Activity:
Copy exactly, no pictures: every line from the one that contains "各隊から逐次報告される情報を整理" through the end of the entries below.

Collected data entries:
++++++++
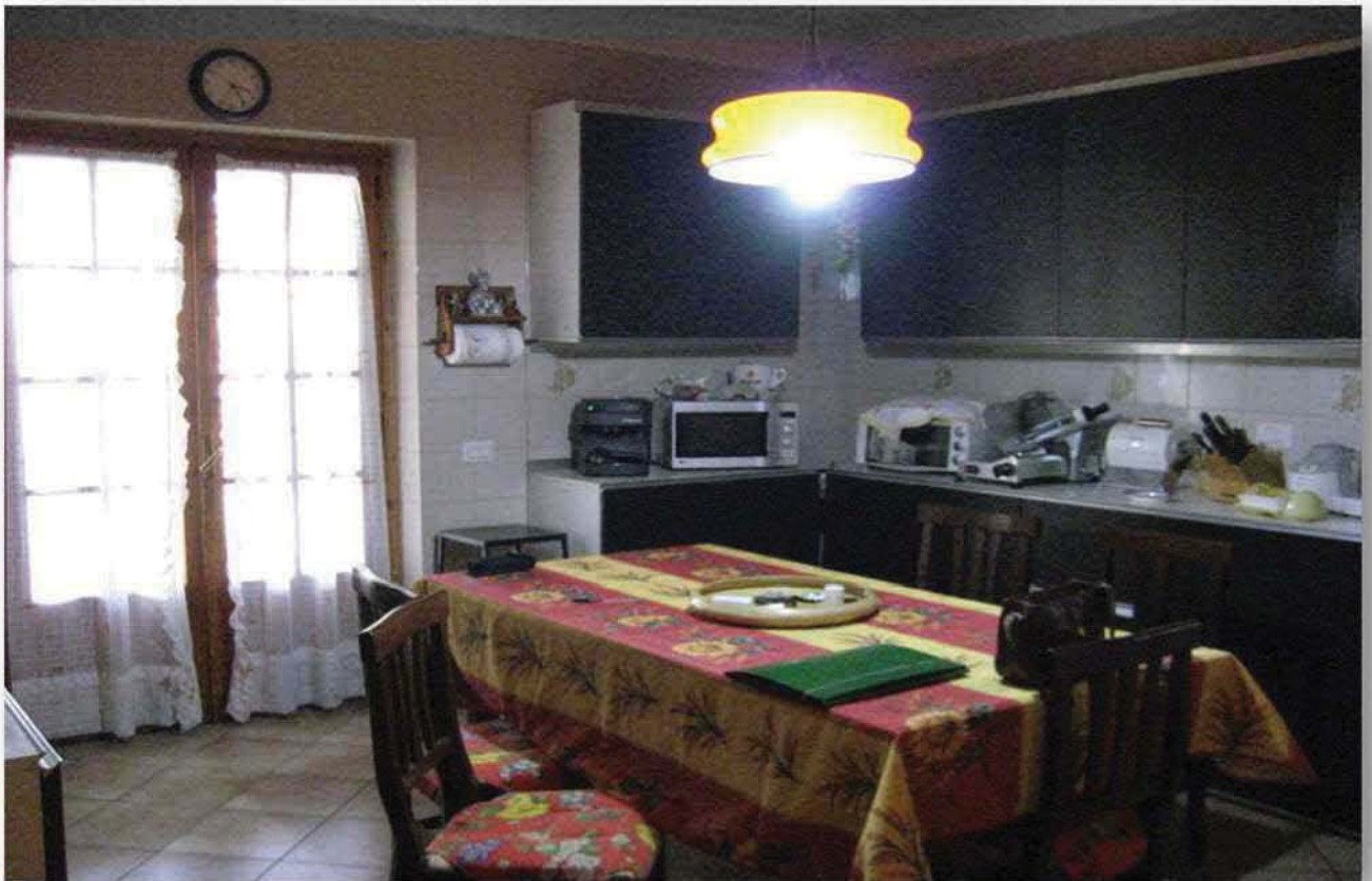
Foto 6 Cucina
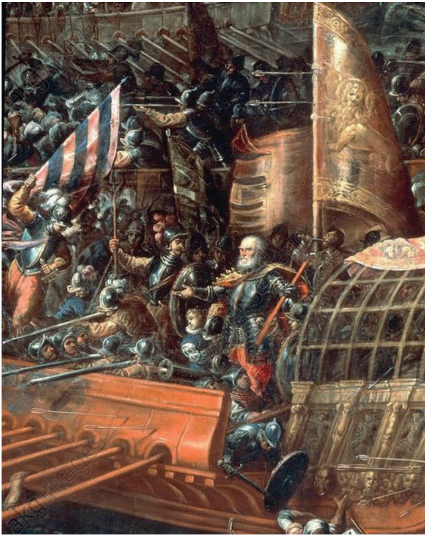
A sinistra: Sebastiano Venier (1496-1578) Capitano Generale da Mar e futuro Doge di Venezia, affronta intrepido il Turco alla battaglia di Lepanto. Accanto a lui, il gonfalone di San Marco. Particolare da un dipinto di Andrea Vicentino del 1603. Venezia. Palazzo Ducale.
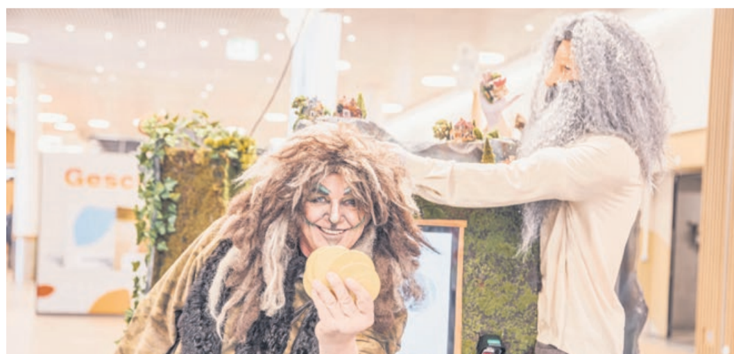
Tauche ein in eine Welt voller Mythen und Sagen.

Erlebe im Perry Center eine sagenhafte Zeit voller Spiel, Spannung und unvergesslicher Momente – ein Abenteuer für die ganze Familie. Wir freuen uns auf deinen Besuch!
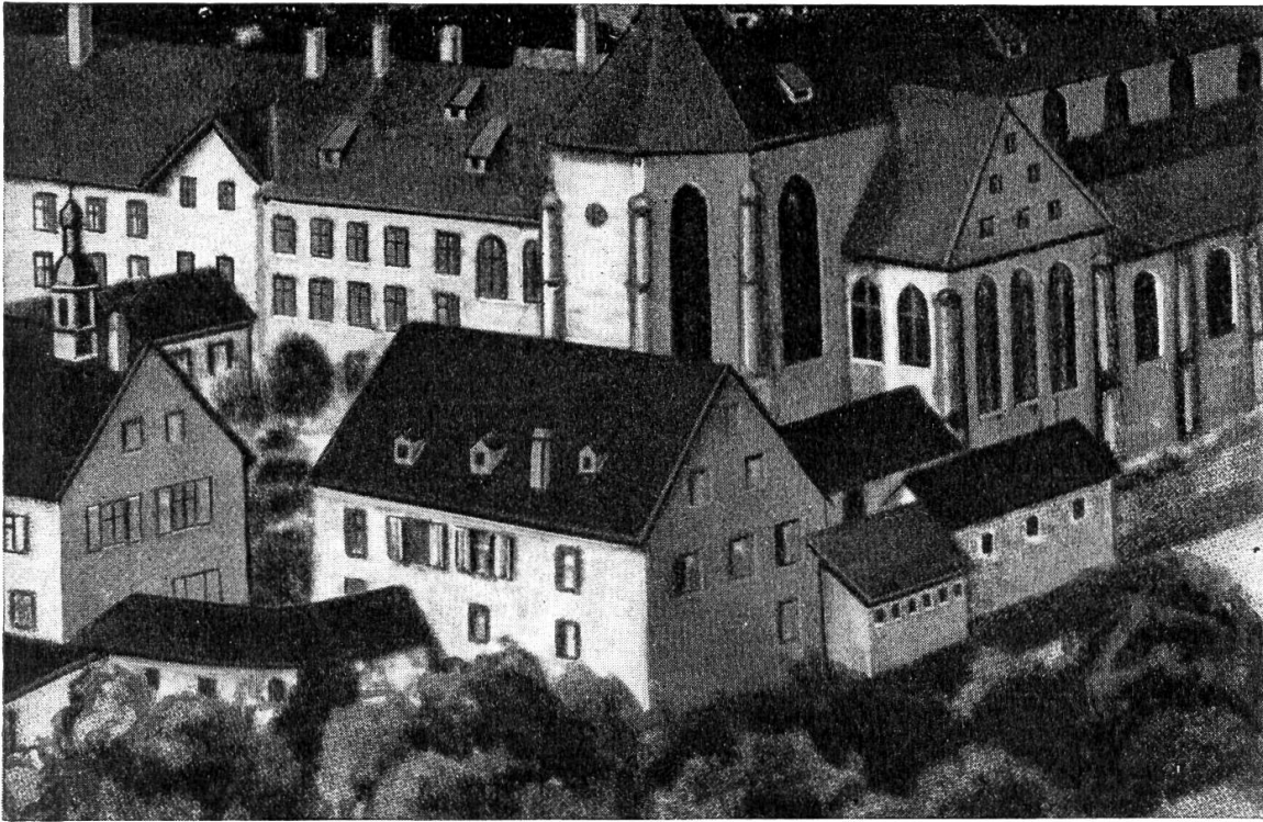
Das Schulhaus hinter dem Chor der Kirche

murde aus den Gemächern unter der Abtmohnung in den freundlicheren ersten Stock des Gebäudes hinter dem Chor der Kirche verlegt. Ein bleibender Theatersaal wurde eingerichtet. Nicht genügend vorbereitete Zöglinge wurden einem „Vorkurs“ zugewiesen. 1828 wurde die griechische Sprache eingeführt und die Grammatik dem Deutschunterricht angegliedert. Fähige Lehrer, wie P. Hieronymus Ziegler, P. Ignaz Stork und andere widmeten sich mit aller Hingebnng dem Unterricht. Die Schülerzahl betrug in den dreißig. Die Klosterschule war in vielversprechendem Aufstieg begriffen.
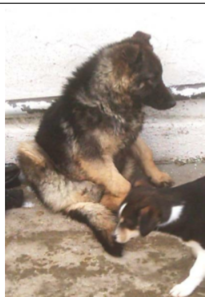
Benny, unser dreibeiniges tapferes Hundeschicksal
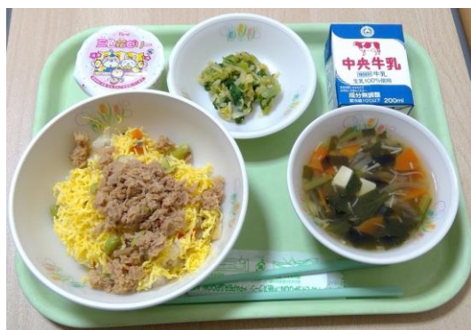
<しゅん やさいをつか ぎょうじしょくれい> 桃の節句献立

がっこうきゅうしょく からだ こころ せいちょう ささ 学校給食は、みなさんの体と心の成長を支え えいよう とどの こんだて るための栄養のバランスが整った献立だけで しゅん やさい くだもの じ ぼさんぶつ しょう なく、旬の野菜や果物、地場産物を使用した きせつかん こんだて と い 季節感のある献立をたくさん取り入れています。 た 食べることで食の知識やマナーを身につけ ぎょうじしょく きょうどしょく とお ち いき しょくぶんか たり、行事食や郷土食を通して地域の食文化 でんとう まな い きょうざい や伝統を学んだりできる「生きた教材」です。
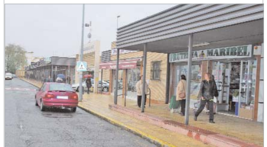
La asociación de La Paz realizará un mercadillo navideño.

También, se acogieron a esta partida dos agrupaciones de empresas como son los comerciantes de la barriada de La Paz y de la calle Córdoba, que realizarán acciones conjuntas para impulsar y concienciar a los vecinos de la importancia de consumir en la localidad, como única vía para que sus negocios sigan adelante en esta difícil situación económica.
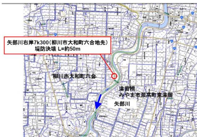
矢部川堤防決壊地点 (矢部川右岸7k300)
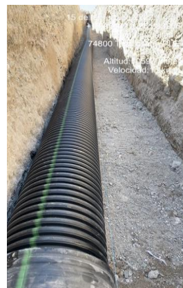
INSTALACIÓN DE TUBERÍA
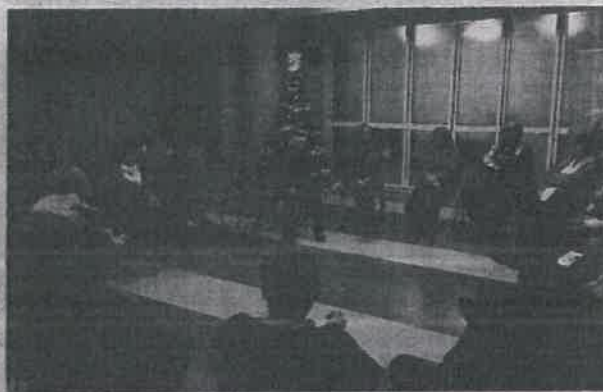
Stručni skup "Slobodno vrijeme kao rizični i zaštitni čimbenik"

Djedi i roditeljima potrebno je ponuditi lepezu aktivno-
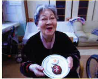
バレンタインデー
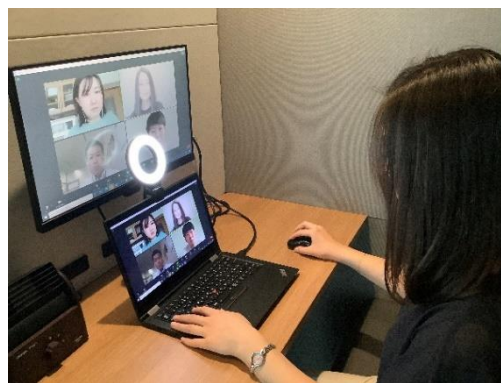
▲内部 LED リングライト
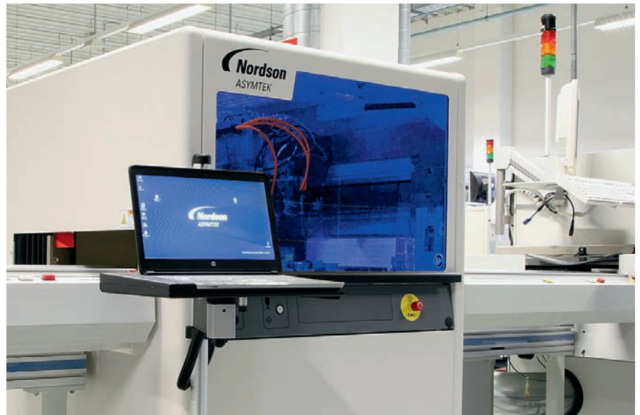
Das automatisierte Beschichtungssystem SL-940E Nordson von Asymtek bei Coronex im Einsatz.

Idealerweise erhalten wir Musterbaugruppen, die genaue Bezeichnung bzw. Spezifikation des zu verwendenden Lacks und entsprechende Vorgaben der zu lackierenden Bereiche. Mithilfe der Abmessungen der Baugruppe und der Bauteilhöhen erstellen wir dann das Programm.
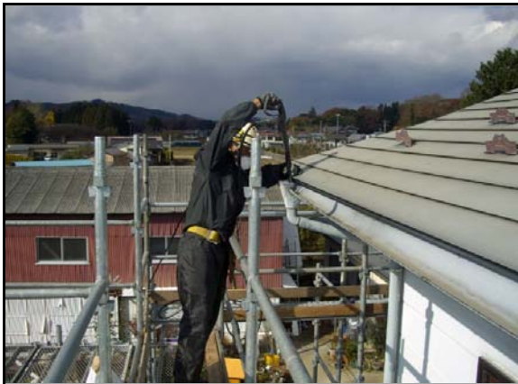
縦樋除染作業状況
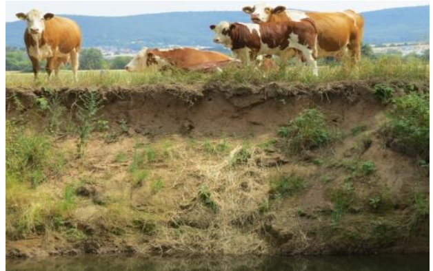
Kinzig bei Gelnhausen, Rinderweide direkt oberhalb einer potentiellen Brutwand ohne Begrenzungszaun
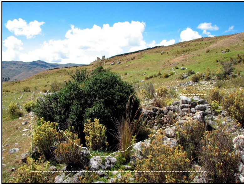
Fig. 03: Una de las colcas de Muruwain, nótese el mal estado de conservación.

El espacio donde se emplazan estos posibles depósitos ha sido aterrazado, pudiéndose observar hasta cinco niveles escalonados. Sobre estas terrazas se observan aún los restos de algunos muros rústicos, de doble paramento con relleno de piedras más pequeñas y barro, que conforman unidades arquitectónicas cuadrangulares y circulares, siendo estas últimas semejantes a las colcas del núcleo urbano de Huánuco Pampa.
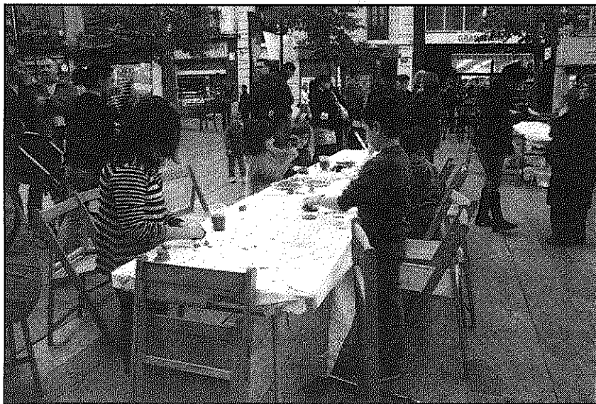
Una imatge dels actes organitzats per Bocs i Cabres dissabte

REDACCIÓ. Sant Celoni L'entitat Bocs i Cabres de Sant Celoni va organitzar dissabte la festa de la Castacabrançada a la plaça de la Vila. Al llarg de la tarda de dissabte van aconseguir omplir la plaça de la Vila de nens i famílies
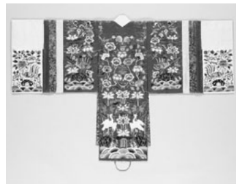
貴族女性の婚礼衣装 朝鮮時代後期 韓国国立中央博物館蔵

ここでは、朝鮮時代の特権階級の人々が生涯で経験する儀礼や、官職に関わる行事について紹介します。刺繍で飾られた婚礼衣装や装飾品の他、朝鮮時代後期を代表する絵師・金弘道が両班の記念日を描いた「平生図」にもご注目ください。
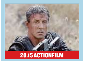
20.15 ACTIONFILM The Expendables 3 Barney Ross (Sylvester Stallone) soll einen Waffendeal verhindern. Doch dann stellt sich heraus, dass der skrupellose Waffenlieferant der todegläubige Expendables-Mitgründer Conrad Stonebanks ist.

20.15 HD 2 Nord bei Nordwest Frau Irmelr. Kriminalfilm (D 2019) Mit Hinnerk Schönemann, Henny Reents, Marleen Lohse Regie: F. Herzogenrath 8-187-927 21.45 Panorama Magazin 349-182 22.15 Tagesthemen Moderation: Pinar Atalay 112-095 22.50 Nuhr im Ersten Show Mod.: Dieter Nuhr 8-932-144 23.35 Inas Nacht Talkshow. Zu Gast: Jorge González, Birgit Schrowange, „Das Lumpenpack“. Mit Ina Müller 2-027-927 0.35 Nachtmagazin 5-302-336 0.55 HD 2 Nord bei Nordwest Kriminalfilm (D 2019) Mit H. Schönemann 6-546-458 2.25 Tagesschau 91-349-212 2.30 HD 2 Der Chinese (1/2) Thriller (D/A/S 2011) Mit Suzanne von Borsody, Michael Nyqvist, Claudia Michelsen. Regie: Peter Keglevic 2-366-038 4.00 Nuhr im Ersten Show Nur aus Berlin 7-160-748 4.45 Deutschlandbilder Kamerafahrt 7-372-748 4.55 Tagesschau 15-538-545
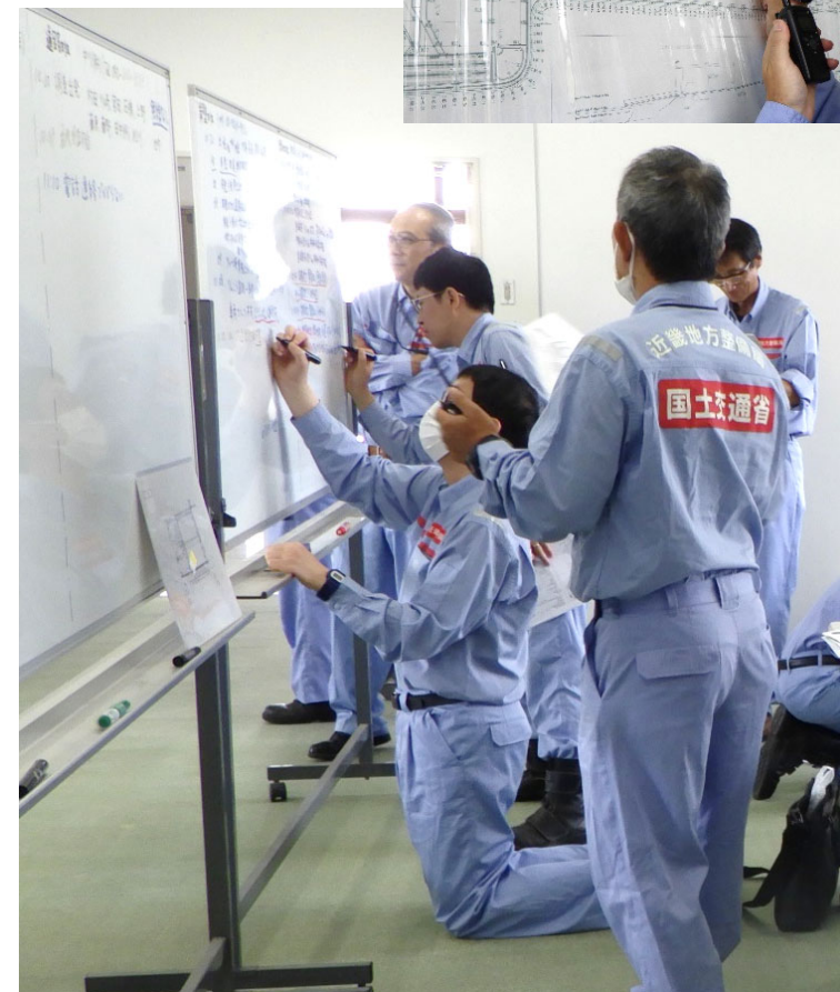
各隊から逐次報告される情報を整理
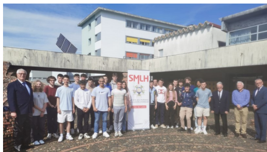
Aire-sur-Adour 27 avril 2023 Lycée Gaston Crampe
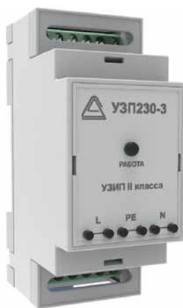
Рис. 5. УЗИП «Амадон» серии УЗП230

УЗИП ЗЛС-Д разработаны для защиты линий связи RS-485/422 (класс защиты III) и могут использоваться в системах промышленной связи для защиты КИП (в том числе в АСУ ТП). Выпускаются два исполнения: ЗЛС-1Д для одного канала RS-485, ЗЛС-2Д для двух каналов RS-485 или одного RS-422. Дополнительно реализованы отключаемый терминальный резистор сопротивлением 120 Ом и схема дренажа питания для соединения общего провода различных источников питания и заземления. ЗЛС-Д не имеют корпуса, состоят из пластиковых кронштейнов и печатной платы с компонентами.
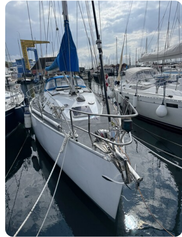
Baron 38 DER LETZTE BARON 22
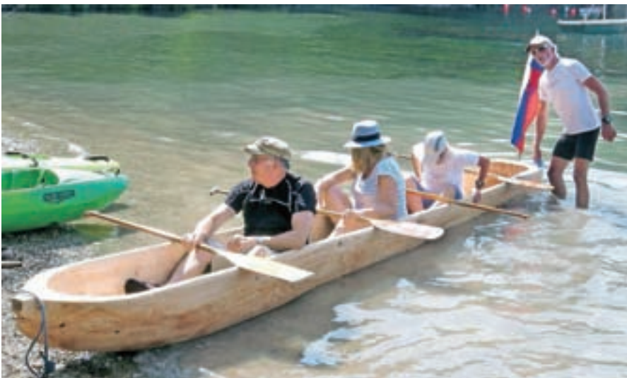
Krstna vožnja čolna deblaka po Bohinjskem jezeru
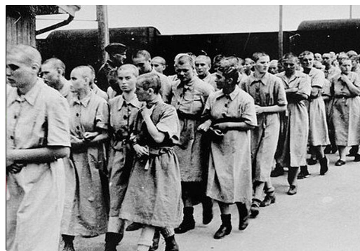
Campo de Reclusión alemán en la II Guerra Mundial
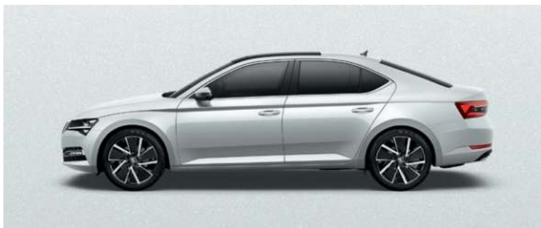
MOON WHITE METALLAK
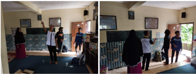
Gambar 4. Pemilihan Lokasi Pemasangan Jam Digital

ruang salat PPTQ AL Falah yang posisinya mudah dilihat oleh jamaah salat dengan dokumentasi seperti pada Gambar 4 di bawah. Pemilihan posisi pemasangan digital pada akhirnya ditempatkan pada dinding sebelah selatan ruang salat PPTQ Al Falah.
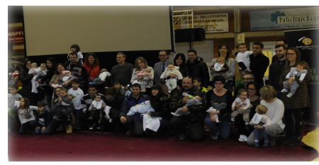
Reconeixement als infants nascuts durant el 2016
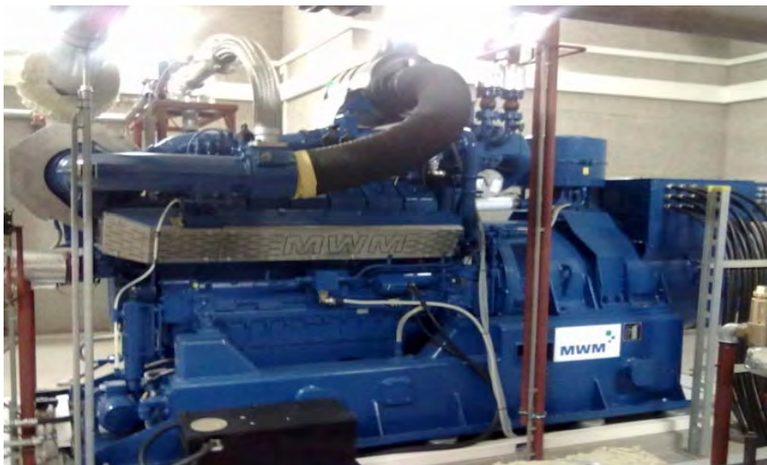
Silniki gazowy o mocy 600 kW
++++++++
Exercise solution:
各隊から逐次報告される情報を整理
Aire-sur-Adour 27 avril 2023 Lycée Gaston Crampe
Рис. 5. УЗИП «Амадон» серии УЗП230

УЗИП ЗЛС-Д разработаны для защиты линий связи RS-485/422 (класс защиты III) и могут использоваться в системах промышленной связи для защиты КИП (в том числе в АСУ ТП). Выпускаются два исполнения: ЗЛС-1Д для одного канала RS-485, ЗЛС-2Д для двух каналов RS-485 или одного RS-422. Дополнительно реализованы отключаемый терминальный резистор сопротивлением 120 Ом и схема дренажа питания для соединения общего провода различных источников питания и заземления. ЗЛС-Д не имеют корпуса, состоят из пластиковых кронштейнов и печатной платы с компонентами.
Baron 38 DER LETZTE BARON 22
Krstna vožnja čolna deblaka po Bohinjskem jezeru
Campo de Reclusión alemán en la II Guerra Mundial
MOON WHITE METALLAK
Gambar 4. Pemilihan Lokasi Pemasangan Jam Digital

ruang salat PPTQ AL Falah yang posisinya mudah dilihat oleh jamaah salat dengan dokumentasi seperti pada Gambar 4 di bawah. Pemilihan posisi pemasangan digital pada akhirnya ditempatkan pada dinding sebelah selatan ruang salat PPTQ Al Falah.
Reconeixement als infants nascuts durant el 2016
Silniki gazowy o mocy 600 kW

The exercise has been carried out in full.